[[ Excerpted data open ]]

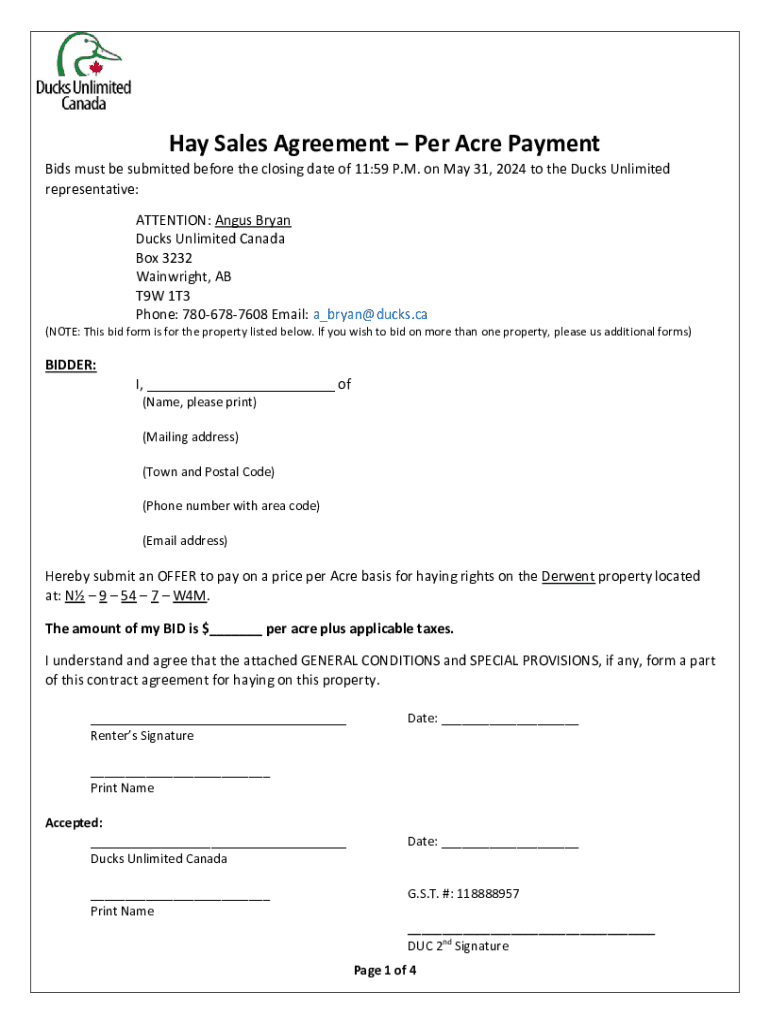 Hay Sales Agreement Per Acre Payments must be submitted before the closing date of 11:59 P.M. on May 31, 2024, to the Ducks Unlimited representative: ATTENTION: Angus Bryan Ducks Unlimited Canada
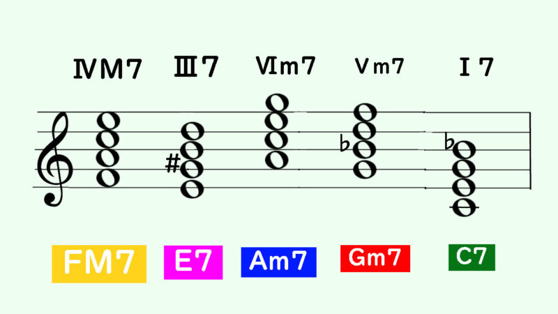 ⅣM7 – Ⅲ7 – Ⅵm7 – Ⅴm7 – Ⅰ7
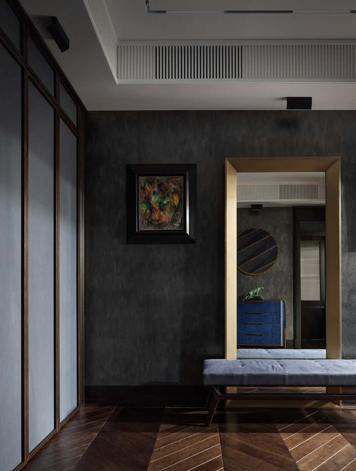 While planning out the space the main objective was to incorporate all the collection items into the overall ensemble, while creating the atmosphere of a house with a history. Painting framed in unusual framework stress the importance of the space where every element is an art object.
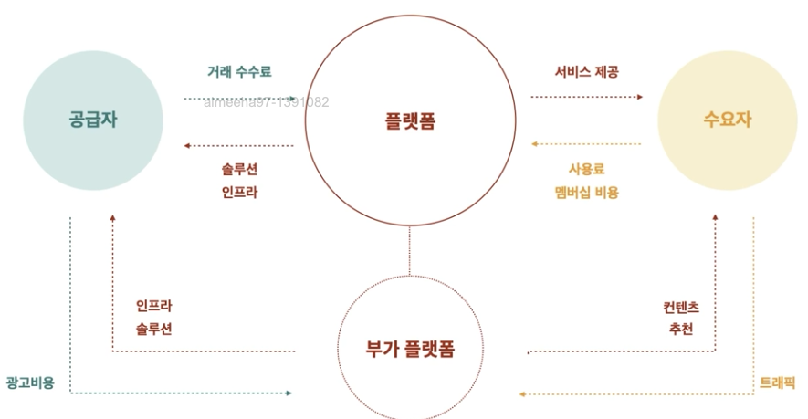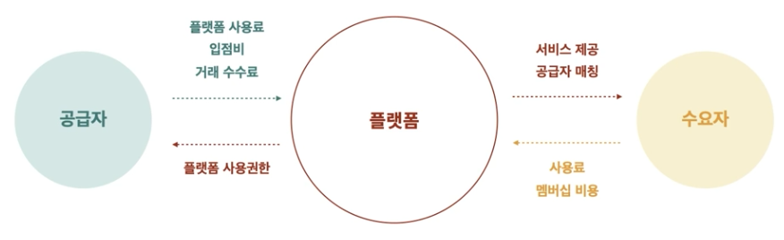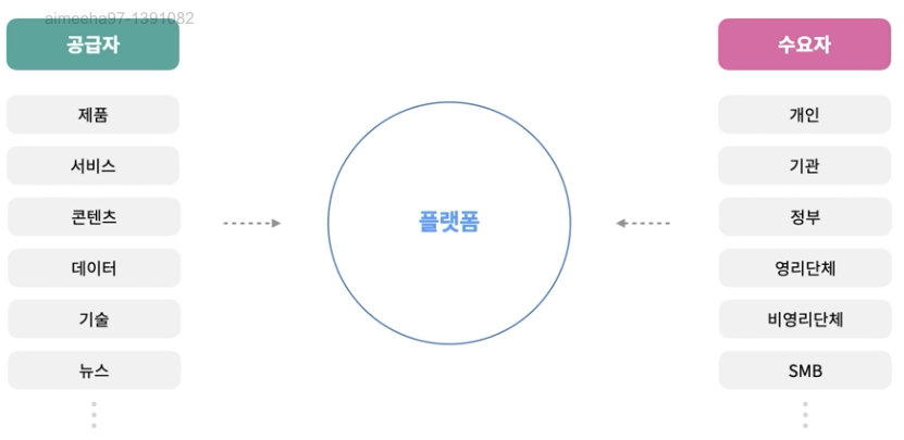 - 생태계를 구축하고 수요자와 공급자 간의 거래를 촉진하여 특정 가치를 포착하여 수익을 창출하는 비즈니스 모델
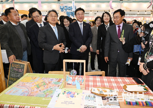 윤호중 행정안전부 장관이 10일 오전 광주시청 시민홀에서 열린 2025 광주 주민자치-공동체 한마당에서 강기정 광주시장및 내빈들과 함께 행사장을 둘러보고 있다.
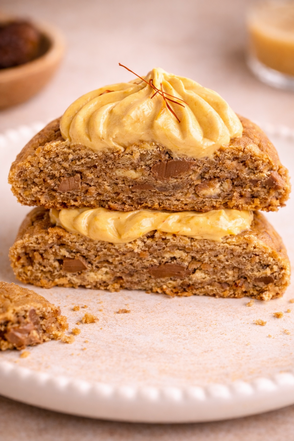 A warm karak-spiced cookie infused with saffron cream — aromatic, creamy, and inspired by Middle Eastern comfort
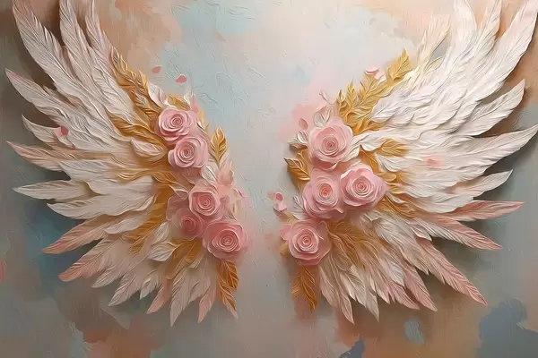Poster Flügel in den Farben Gelb und Rosa f46551
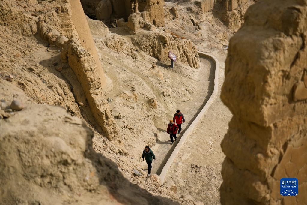 古格王国都城遺跡を見学する観光客(11月3日、撮影・曹檳)。
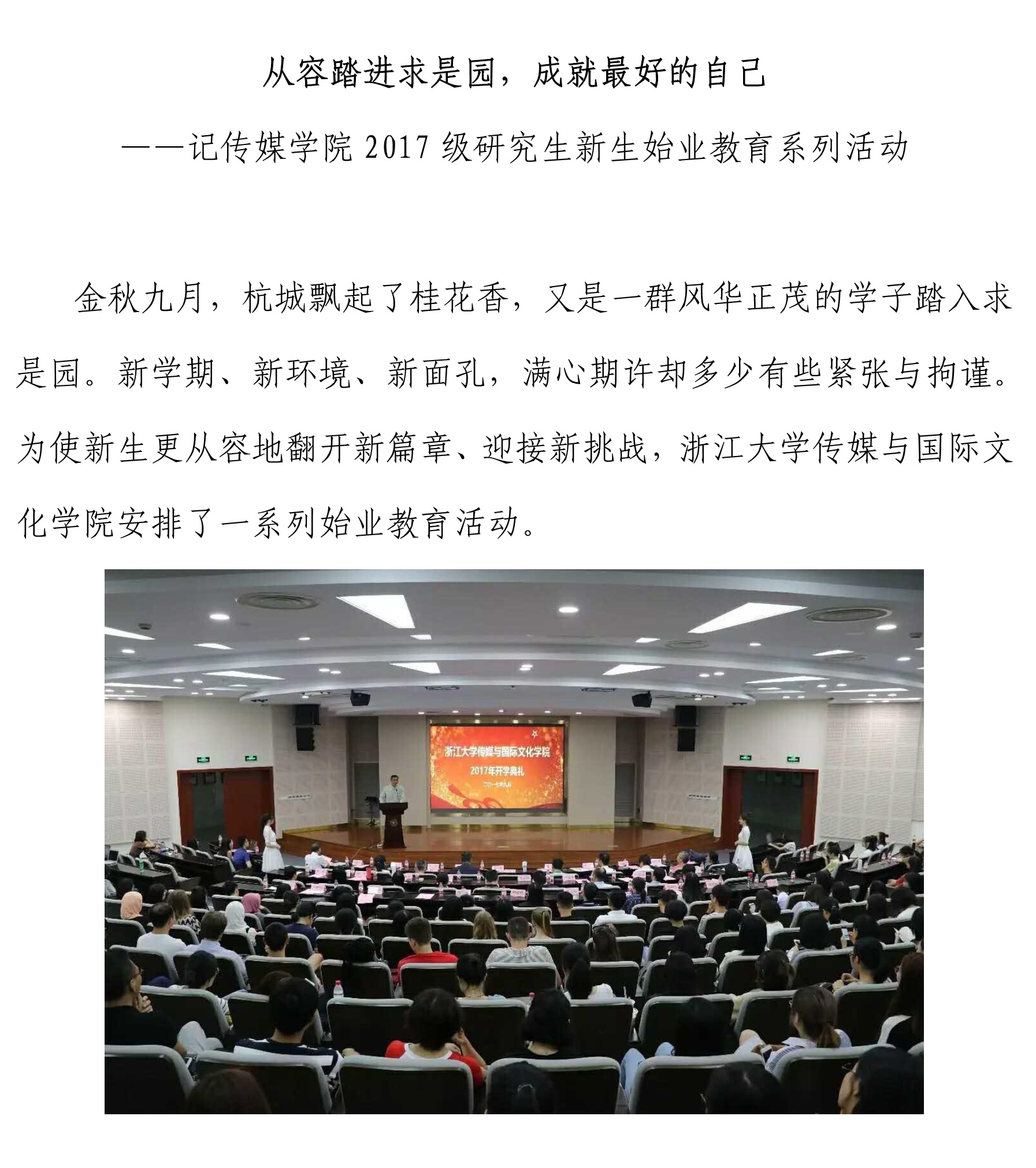 从容踏进求是园,成就最好的自己 ——记传媒学院2017级研究生新生始业教育系列活动

[[ Excerpted data closed ]]

**Problem statement**
Everything from the line containing "윤호중 행정안전부 장관이" to the last line of the records above should be reproduced exactly, except the pictures.

**Answer to the problem**
 윤호중 행정안전부 장관이 10일 오전 광주시청 시민홀에서 열린 2025 광주 주민자치-공동체 한마당에서 강기정 광주시장및 내빈들과 함께 행사장을 둘러보고 있다.
 A warm karak-spiced cookie infused with saffron cream — aromatic, creamy, and inspired by Middle Eastern comfort
Poster Flügel in den Farben Gelb und Rosa f46551
 古格王国都城遺跡を見学する観光客(11月3日、撮影・曹檳)。
 从容踏进求是园,成就最好的自己 ——记传媒学院2017级研究生新生始业教育系列活动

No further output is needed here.